▶ _DATA FOR PROCESSING_
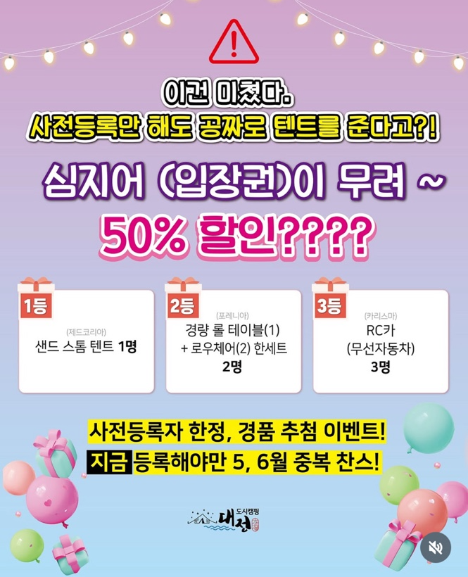 - 추첨진행 : 도시캠핑대전 공식 인스타그램 계정
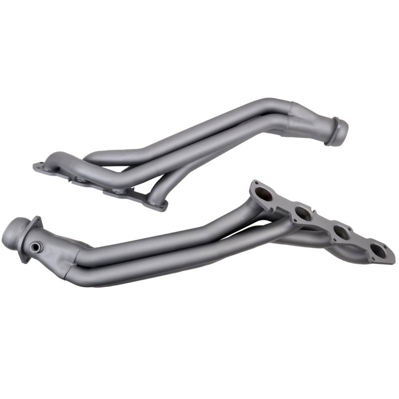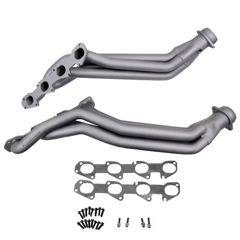 These BBK Performance 1-7/8 full length long tube exhaust headers offer unsurpassed quality and fitment using top quality materials and American craftsmanship. Every long tube exhaust header system is hand built with CNC mandrel bent tubing for unrestrictive exhaust flow and maximum performance, 3/8" laser cut flanges, patented scavenging collector design and gasket less ball and socket connectors for easy installation. Every exhaust header has been designed specifically for your application to get the most horsepower and torque out of the engine. BBK long tube exhaust headers outperform the competition in quality value and performance. All headers are a direct fit bolt on replacement when used with the correct matching mid-pipes which are available with high flow catalytic converters. Our decades of exhaust design and experience make BBK Performance your number one choice for late model American car and truck performance exhaust. Require Mid Pipe Part # 16481 to complete installation to cat back exhaust. Titanium Ceramic Finish - Kits Include New Gaskets And Hardware - CNC Mandrel Bent Primary Tubes For Maximum Flow and Performance
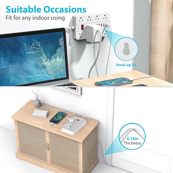 - Multi Outlets Power Strip:8 AC outlets 6 USB(1USB C)power strips with 1080 joule surge protection to protect your high-end electronics from sudden power surges and spikes,integrated circuit breakers will automatically trip to protect your devices when the power is overloaded
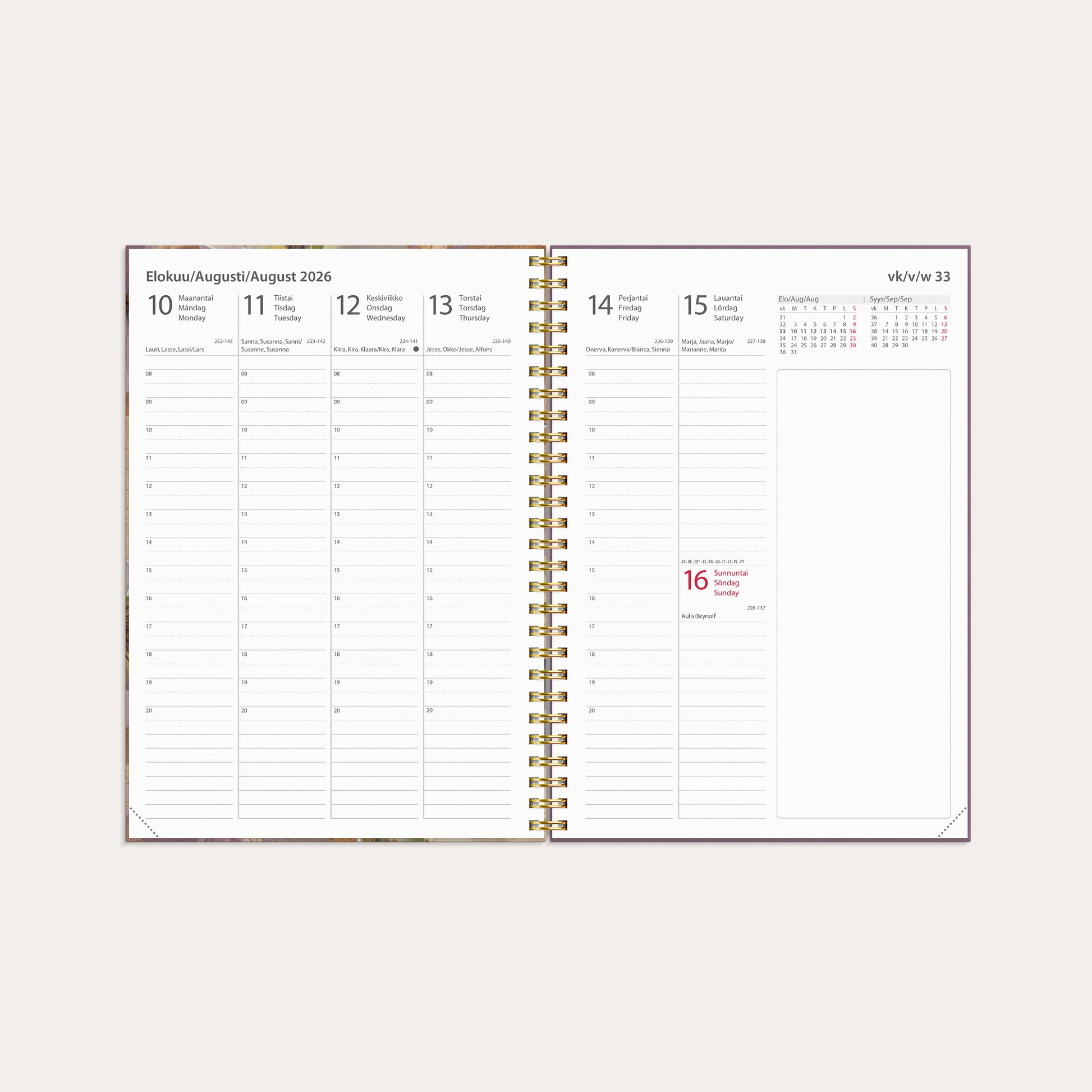 Painettu kartonkikansi. Kalenterin aukeamalla yksi viikko, tuntijaotus 08-20, palsta muistiinpanoille, kuluvan ja seuraavan kuukauden kalenteritaulukot. Kalenteri sisältää nimipäivät, juhlapyhät, liputuspäivät, kuun vaiheet, vuosisuunnitelmat kuluvalle ja seuraavalle vuodelle, vuosiruudukot edelliselle, kuluvalle ja kahdelle seuraavalle vuodelle, kalendaariset tiedot, auringon nousu- ja laskuajat, yleiset pyhäpäivät maailmalla ja muistiinpanosivut. Kalenteriosa: vk 48 2025-vk 53 2026/2027. Kolmikielinen: suomi/ruotsi/englanti. Parikierresidottu. FSC®. Koko: 148x210 mm (A5).
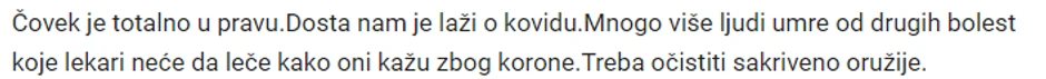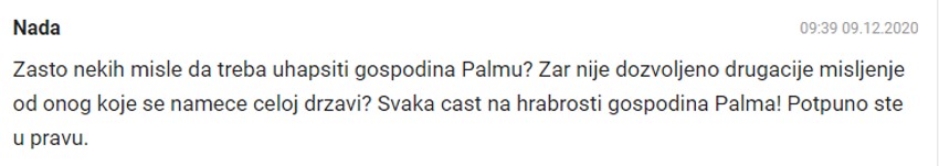 "Potpuno je čovek u pravu", "Svaka mu čast", "To Palma, care", "Sve je lepo rekao", "Svaka mu je k'o u Njegoša", "Kon i Krizni štab na aparatima", "Hvala Palma što postojiš"... samo su mali deo zabrinjavajućih komentara.
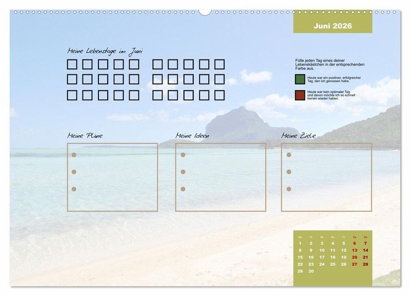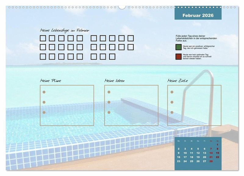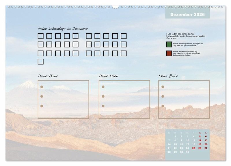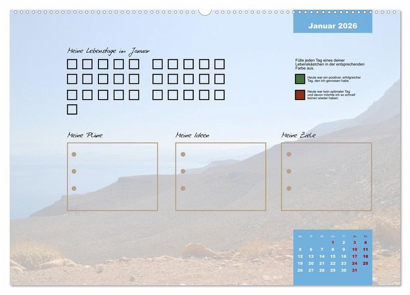 Egal ob es ein guter oder ein schlechter Tag ist, er gehört zu deinem Leben und prägt dich. Erlebe mit diesem Kalender jeden Tag des Jahres bewusster. Fülle jeden Tag ein Kästchen aus. Gerne in unterschiedlichen Farben, um dir die Vergänglichkeit und die Besonderheit jedes einzelnen Tages deutlich zu machen.

▶ _PROBLEM DETAILS_
Write out the whole of the data exactly; the pictures stay out.

▶ _RESULT_
 - 추첨진행 : 도시캠핑대전 공식 인스타그램 계정
 These BBK Performance 1-7/8 full length long tube exhaust headers offer unsurpassed quality and fitment using top quality materials and American craftsmanship. Every long tube exhaust header system is hand built with CNC mandrel bent tubing for unrestrictive exhaust flow and maximum performance, 3/8" laser cut flanges, patented scavenging collector design and gasket less ball and socket connectors for easy installation. Every exhaust header has been designed specifically for your application to get the most horsepower and torque out of the engine. BBK long tube exhaust headers outperform the competition in quality value and performance. All headers are a direct fit bolt on replacement when used with the correct matching mid-pipes which are available with high flow catalytic converters. Our decades of exhaust design and experience make BBK Performance your number one choice for late model American car and truck performance exhaust. Require Mid Pipe Part # 16481 to complete installation to cat back exhaust. Titanium Ceramic Finish - Kits Include New Gaskets And Hardware - CNC Mandrel Bent Primary Tubes For Maximum Flow and Performance
 - Multi Outlets Power Strip:8 AC outlets 6 USB(1USB C)power strips with 1080 joule surge protection to protect your high-end electronics from sudden power surges and spikes,integrated circuit breakers will automatically trip to protect your devices when the power is overloaded
 Painettu kartonkikansi. Kalenterin aukeamalla yksi viikko, tuntijaotus 08-20, palsta muistiinpanoille, kuluvan ja seuraavan kuukauden kalenteritaulukot. Kalenteri sisältää nimipäivät, juhlapyhät, liputuspäivät, kuun vaiheet, vuosisuunnitelmat kuluvalle ja seuraavalle vuodelle, vuosiruudukot edelliselle, kuluvalle ja kahdelle seuraavalle vuodelle, kalendaariset tiedot, auringon nousu- ja laskuajat, yleiset pyhäpäivät maailmalla ja muistiinpanosivut. Kalenteriosa: vk 48 2025-vk 53 2026/2027. Kolmikielinen: suomi/ruotsi/englanti. Parikierresidottu. FSC®. Koko: 148x210 mm (A5).
 "Potpuno je čovek u pravu", "Svaka mu čast", "To Palma, care", "Sve je lepo rekao", "Svaka mu je k'o u Njegoša", "Kon i Krizni štab na aparatima", "Hvala Palma što postojiš"... samo su mali deo zabrinjavajućih komentara.
 Egal ob es ein guter oder ein schlechter Tag ist, er gehört zu deinem Leben und prägt dich. Erlebe mit diesem Kalender jeden Tag des Jahres bewusster. Fülle jeden Tag ein Kästchen aus. Gerne in unterschiedlichen Farben, um dir die Vergänglichkeit und die Besonderheit jedes einzelnen Tages deutlich zu machen.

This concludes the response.